Your name has to reflect what drives your business. For customers, names are important. When they purchase goods or services, they want to know that the company they are buying from is serious about what they do. That doesn’t mean picking a bland, boring name. But it does mean foregrounding what makes you special. So think about coming up with a name that reflects your core values, not just a flashy, catchy name that is easy to remember.
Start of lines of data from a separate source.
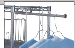
Tige de penderie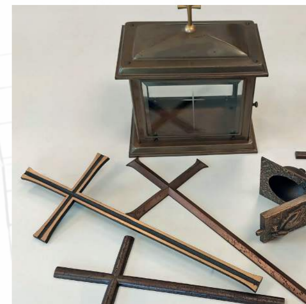
Die ersten Produkte 1963

Bereits nach wenigen Jahren platzt die Werkstatt aus allen Nähten. 1965 kauft das Ehepaar Schneider deswegen ein Grundstück außerhalb des Dorfes und lässt dort 1967 eine moderne Werkstatt errichten. Dort befindet sich die Firma Schneider bis heute.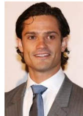
Prins Carl Philip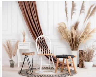
Gambar 5 (Studio), 2022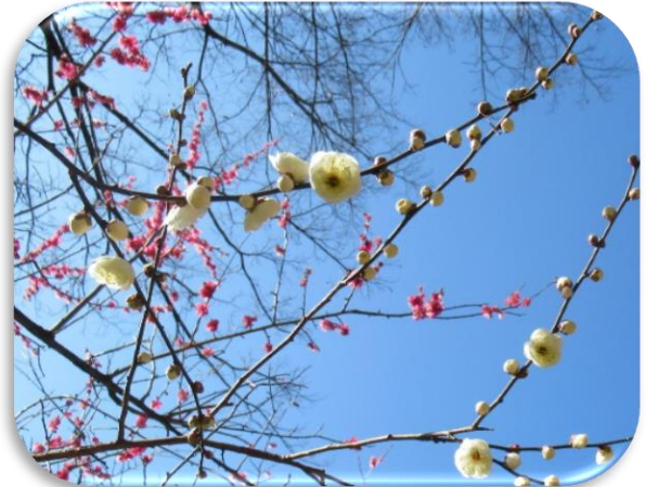
八重茶青(やえちゃせい)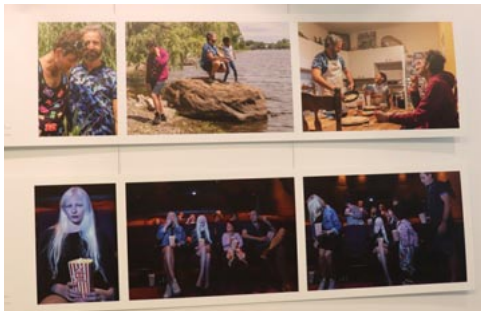
Deux bandes photos de la série Præter .

L'exposition Præter de Christyna Pelletier sera à l'affiche jusqu'au 25 mars dans la salle multifonctionnelle de la bibliothèque. La photographe adopte une approche documentaire éditoriale. Elle nous incite à nous interroger sur notre conception de la diversité.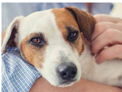
HARABAU: Der beste Freund des Menschen – Seite 6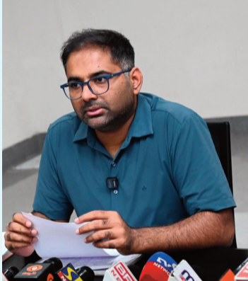
పెద్దపల్లి, జూన్ 12

Stay Memorable With The Right Company Name

Having said that, it’s important to come up with a memorable name. Sometimes it seems that having a short, snappy name is the only reason start-ups exist. Everywhere you look, there are companies with names like “fuzzle”, “bangle” or “zoopla”. Short, punchy names work well, as does an element of strangeness. Anything that can burrow deep into the minds of site visitors and passers-by on the street will work well, so think about adding a quirky touch to your company name.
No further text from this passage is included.